As seen above, symptoms and signs suggestive of genital and urinary tract infections have been reported more frequently with dapagliflozin. Although these have not lead to treatment discontinuation in any trial, yet it will be interesting to see the impact of long term use of dapagliflozin on the incidence of genito-urinary infections in a population. One clinical trial 14 reports a slight increase in mean 24 hr urinary output, but not enough to have any clinical impact. Furthermore, with the exception of one study, 15 where dapagliflozin was administered in the evening, none of the other trials report nocturia. In addition, none of the clinical trials reported incidence of severe hypoglycaemia irrespective of drug combinations.
Summary
Dapagliflozin is a promising new drug for patients with type 2 diabetes. We believe that the drug is likely to be most effective when given early in the course of the disease (by virtue of reducing hyperglycaemia induced beta cell toxicity), but also, in view of the fact that SGLT2 inhibitor works independently of insulin, it is likely to be effective in the later stages of diabetes, including as a combination therapy with insulin (Fig. 3). Given the rising prevalence of obesity, it's beneficial effect in inducing weight loss is particularly attractive, but further adequately powered study with analysis on the relationship between weight loss and the degree of glycosuria is required to justify this preliminary observation and to explain the possible mechanism of weight loss. The lack of hypoglycaemia associated with its use is a major advantage particularly due to recent concerns about the risks of adverse cardiovascular outcome as a result of hypoglycaemia when striving to achieve low HbA1c targets. 23 Since SGLT2 inhibition is associated with relevant diuretic effects, the use of this drug may be advantageous in patients with hypertension or used in conjunction with thiazolidinediones. Whist evidence from individuals with familial renal glycosuria syndrome is reassuring, it is important to note that these individuals do not have diabetes. Thus, further short and long-term data remains essential to assess the safety of this drug in patients with type 2 diabetes with regards to the increased risks of genital and urinary tract infections as well as renal function.

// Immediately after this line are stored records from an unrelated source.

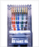 | 네트워크가 문제를 일으키는 경우 가장 빈번한것은 케이블입니다. 다음의 핀배치와 같이 RJ45Jack의 구리 커넥터가 작업자가 보았을때 정면으로 보일때 제일 왼쪽을 1번 핀이라고 하면 다음과 같습니다. (아래 그림 참조) | |
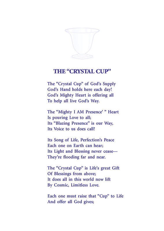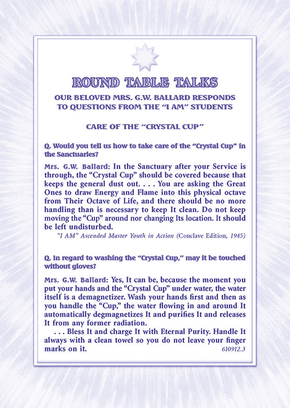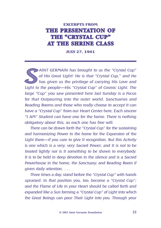 Poem - The Crystal Cup; Discourse by Vesta; Presentation of the Crystal Cup at the Shrine Class; "I AM" Ascended Master Youth; Discourse by Sanat Kumara; Round Table Talks - Care of the Crystal Cup; "I AM" Decrees - Sanat Kumara.About the Edition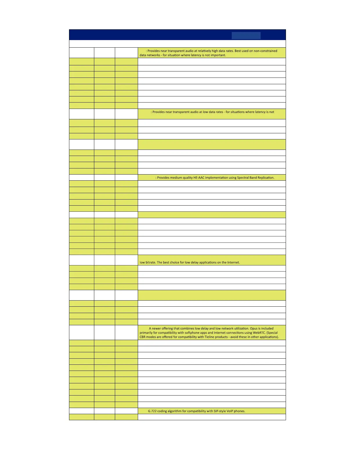 48 kb/s 184 ms 20 kHz G3 Stereo 48Kb adds Parametric Stereo to SBR for higher quality audio at low data rate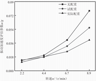 圖8配重前后不同工況下的振動加速度評估參數(shù)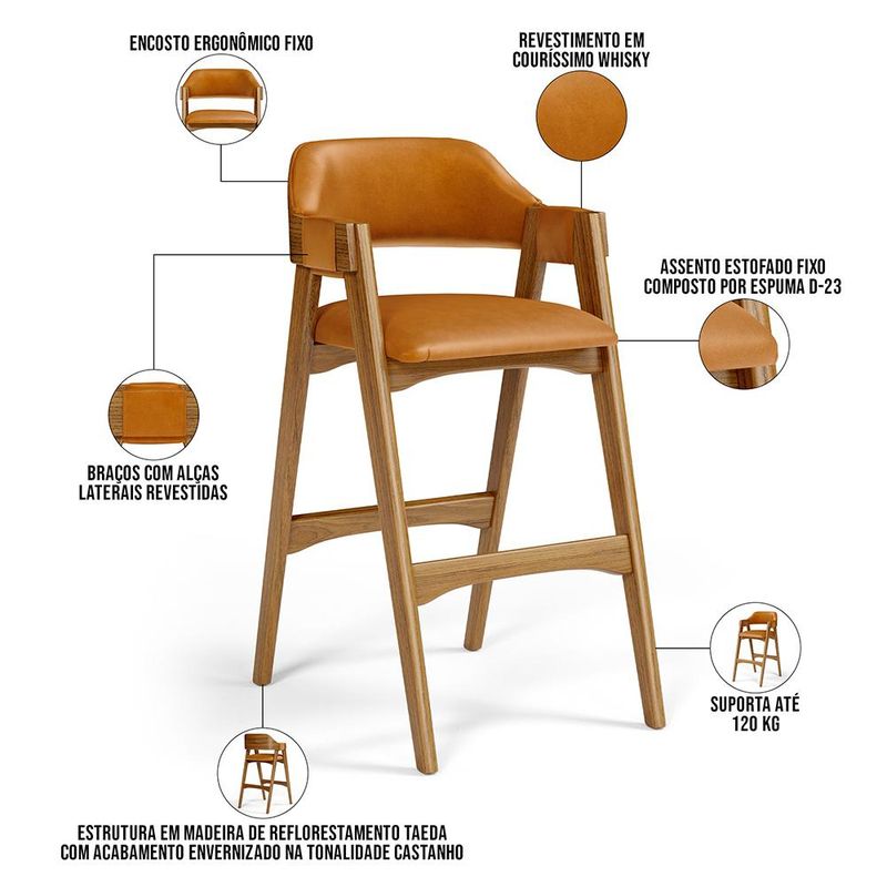 Na cozinha ou qualquer outro ambiente, o Kit 02 Banquetas Altas Suran, da Lyam Decor, se destaca com seu design moderno e elegante. Com uma estrutura de madeira que exala sofisticação, essa banqueta estofada é o convite perfeito para momentos de descontração e sabor. O estofado macio, harmoniza com os demais elementos do ambiente, além de proporcionar conforto enquanto se saboreia um café da manhã preguiçoso ou uma taça de vinho ao entardecer. Já o encosto curvo e os braços delicadamente projetados abraçam o corpo, transformando cada instante em uma experiência acolhedora. Ideal para a ilha gourmet, onde a criatividade culinária ganha vida, ou para um barzinho que respira estilo, essa banqueta é mais do que um móvel; é um ponto de encontro, um espaço de risadas e histórias compartilhadas. Em cada assento, a promessa de momentos memoráveis. A vida é feita de pequenas celebrações, e essa banqueta alta está pronta para torná-las ainda mais especiais. Adicione ao seu carrinho e aproveite! Dimensões da Banqueta (L x A x P) 54 cm x 105 cm x 72 cm Medidas Internas Largura do assento: 46 cm Profundidade livre do assento: 46 cm Altura do encosto: 30 cm Altura interna dos braços: 16 cm Altura dos braços ao chão: 93 cm Altura do assento ao chão: 76 cm Altura do apoio de pé ao chão: 36 cm Características: Estrutura em madeira de reflorestamento Taeda com acabamento envernizado na tonalidade Castanho. Revestimento em Couríssimo de alta qualidade na tonalidade Whiskyl. Encosto ergonômico fixo. Assento estofado fixo composto por espuma D-23. Braços com alças laterais revestidas. Suporta até 120 kg cada. Produto entregue montado. - Por se tratar de estofado as medidas podem ter uma pequena variação de até 3 cm. - A tonalidade do produto real poderá ter ligeira variação devido o lote de tecidos. - A limpeza deve ser feita com pano levemente umedecido em água limpa, sem esfregar, não utilizar produtos abrasivos, desengordurantes, álcool ou solvente. Observações importantes: - Produto para uso residencial em ambiente interno, não devendo ficar exposto diretamente ao sol, calor e umidade excessivos. - Pode haver alguma diferença de tonalidade entre a imagem e o produto real, por conta do tratamento de imagens e a calibração de cores do seu monitor. - As imagens são meramente ilustrativas, não acompanham objetos de decoração e eletrônicos. - Ao receber a mercadoria, o cliente deve verificar as condições da embalagem, caso haja alguma avaria não assine o comprovante de recebimento. - Montagem, desmontagem e outras instalações serão de responsabilidade do cliente. Não nos responsabilizamos, no ato da entrega, por subir escadas/elevadores ou pelo transporte por guincho em apartamentos. Eventuais despesas são de responsabilidade do comprador. - Confira as dimensões do produto e certifique-se de que passará normalmente por supostos elevadores, portas, escadas e/ou corredores de sua residência.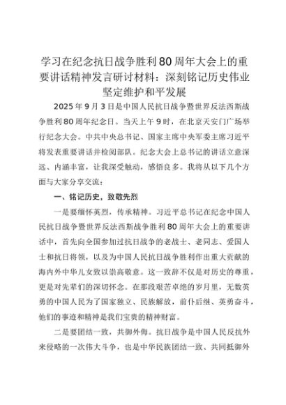 【七哥公文】2025年:学习在纪念抗日战争胜利80周年大会上的重要讲话精神发言研讨材料:深刻铭记历史伟业 坚定维护和平发展+更多免费公文+VX:QiGeGongWen2024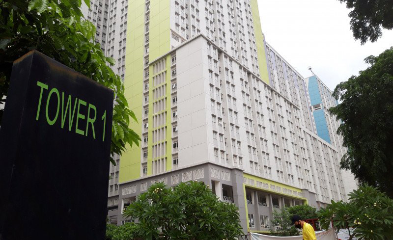 Warga melintasi kawasan Wisma Atlet Kemayoran Jakarta Pusat. Foto: Antara/Muhammad Zulfikar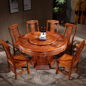 实木餐桌大圆桌带转盘8人0人5折叠家用小户型圆形简...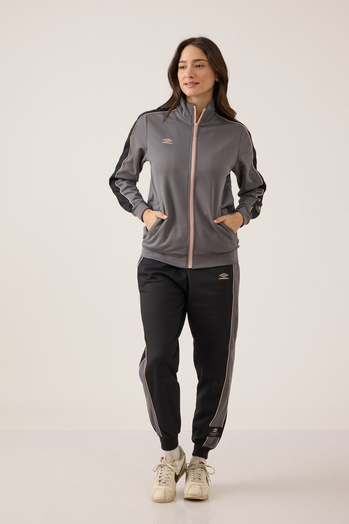 חליפת טרנינג קפוצ'ון ומכנס לנשים - אפור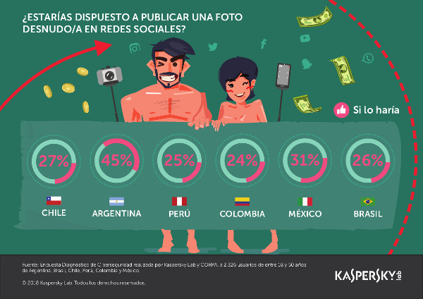 En relación a este último dato, el 30% de los latinoamericanos estaría dispuesto a publicar una foto desnudo en redes sociales por dinero, de los cuales un 44% corresponde a hombres y solo un 17% a mujeres. En este ítem, los argentinos son quienes llevan la delantera, con un 45% de internautas dispuestos a hacerlo, seguidos por mexicanos (31%) y chilenos (27%). Más abajo se encuentran Brasil (26%), Perú (25%) y Colombia (24%).

Schematic representation of the clinical effects of SGLT2 inhibitor. Irrespective of the underlying causes of hyperglycaemia in patients with diabetes, inhibition of tubular urinary glucose reabsorption leads to urinary glucose excretion and concurrent plasma glucose lowering. Urinary glucose ‘calorie’ loss leads to weight loss and reduction in insulin resistance while blood glucose lowering reduces the effects of glucose toxicity on the pancreatic beta cell–thus potentially preserving beta cell function.
Disclosure
This manuscript has been read and approved by all authors. This paper is unique and is not under consideration by any other publication and has not been published elsewhere. The authors and peer reviewers of this paper report no conflicts of interest. The authors confirm that they have permission to reproduce any copyrighted material.